Jessica Pratt: On Your Own Love Again

Music Reviews Jessica Pratt
Jessica Pratt: On Your Own Love Again

Erase the chatter quotient involved with the subtle, fragile presence through which an artist like Jessica Pratt channels her work. The cross-noise, the fluttering, the hiss and the pomp serve the larger picture of Pratt’s story as a terminally unknown singer/songwriter from Northern California whose notoriety came only after her initial batch of home-recorded songs were some five or six years old, and she’d played only a handful of shows. All that interference, however, ought to be ignored, if even briefly, when listening to Pratt’s second full-length record?and first for Drag City?On Your Own Love Again. At its core, this follow-up to 2012’s JP is as whimsically experimental as it is steeped and reveling in its own revivalism.

Armed with little more than a guitar, some rudimentary tape-tracking recording materials and a a treasure trove of inventive vocal harmonies, Pratt’s darkly ambitious compositions are fleshed out into alcoves of aural mischief, served mystical and with a kind of dark magic, vacillating as they do between optimism and pessimism. Opening with “Wrong Hand,” Pratt folds in ethereal wind-kissed organ, finger-picking delicately and crooning “Saw you running round the world with your head above the ground/and you’re dancing too close behind, with a dowry in a hidden shroud/And you don’t know how you got here before/You were dancing with the wrong hand,” followed by a sweeping vocal placeholder, a welcome vocal necessity given Pratt’s affinity for the skeletons of songs to drive them?a kind of Hemingway-esque theory of omission.

“Game That I Play” continues Pratt’s moody meditations, exposing her willingness to rappel deep into shadowy rabbit holes, utilizing perhaps her most potent musical weapon: her voice. Shape-shifting and witchy, Pratt dives in and out of accents, plays with timbre and generally focuses on expanding songs from primarily a primitive, lost-folk plane to one where her pop culture muses are all given a sonic pathway on which to dance around. A good example of this would be found on “Strange Melody,” wherein Pratt’s “do-do-do-do” refrains during the bridge evolve into more vocal placeholders in the form of the familiar “do-do-do-do” melody of Duran Duran’s “Hungry Like the Wolf.”

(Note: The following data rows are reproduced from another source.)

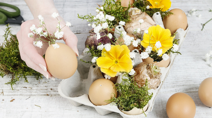 Helyezzük vissza a tojáshéjakat a tojásdobozba (ahogyan a fő fotón is látható), hogy a helyükön maradjanak, és töltsük meg mindenféle díszítéssel, élő zölddel. Mint a moha és a kis virágok. Hagyhatja semleges színű vagy festheti őket.
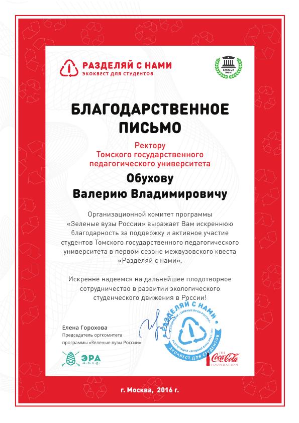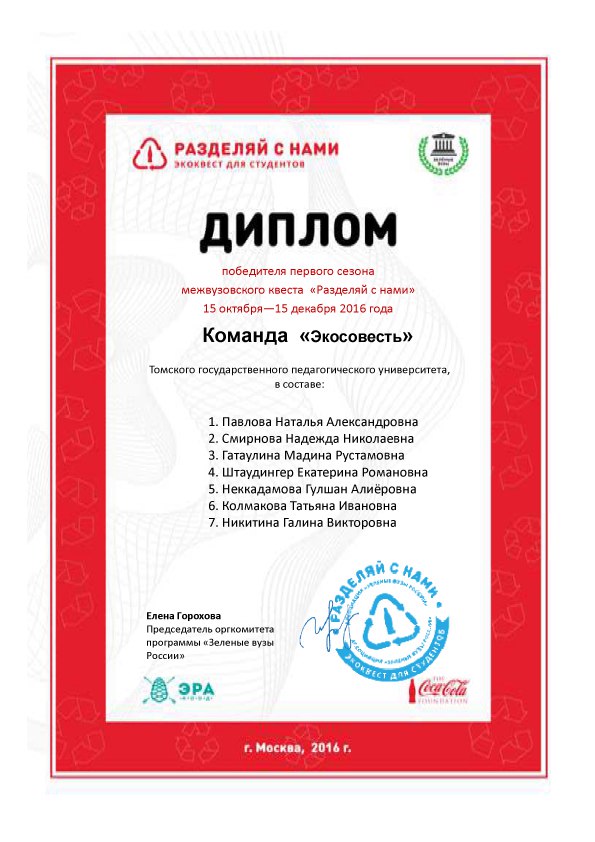 Команда факультета экономики и управления Томского государственного педагогического университета, вошедшая в число лидеров Всероссийского экологического квеста «Разделяй с нами», 17 февраля 2017 в Москве представила вуз на учредительной конференции Ассоциации «Зеленых вузов России».
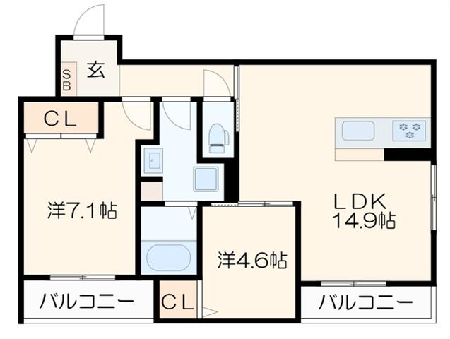 2LDK 61.98m2 |
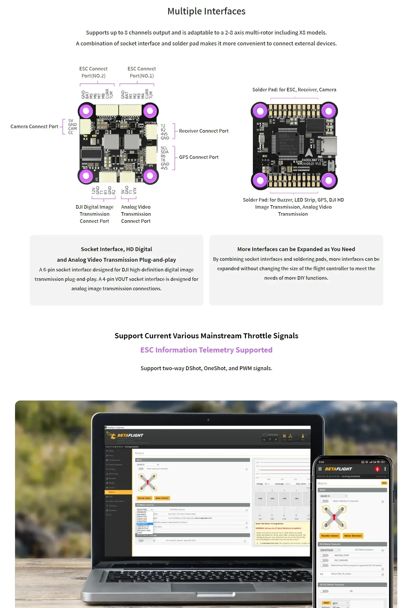Multiple Interfaces: Supports up to 8 channels output and is adaptable to a 2-8 axis multi-rotor including X8 models.

The album’s first single “Back, Baby” is easily the most accessible track on the record, peppy and sun-kissed like the climate of her newfound home in Los Angeles, where Pratt retreated with little outside exposure while writing On Your Own Love Again after fleeing San Francisco. Pratt sings “You better reconsider all the love you took and then cast aside/Things like that you can never take back again,” sounding forlorn yet boldly mature. The guitar’s strummy progression also marks a turning point in the album, one where those previously noted delicacies are cast away ever-so slightly?a lifting of the clouds, so to speak. Now that the skies are clearer, it’s exciting to see where Pratt’s new flights might take her.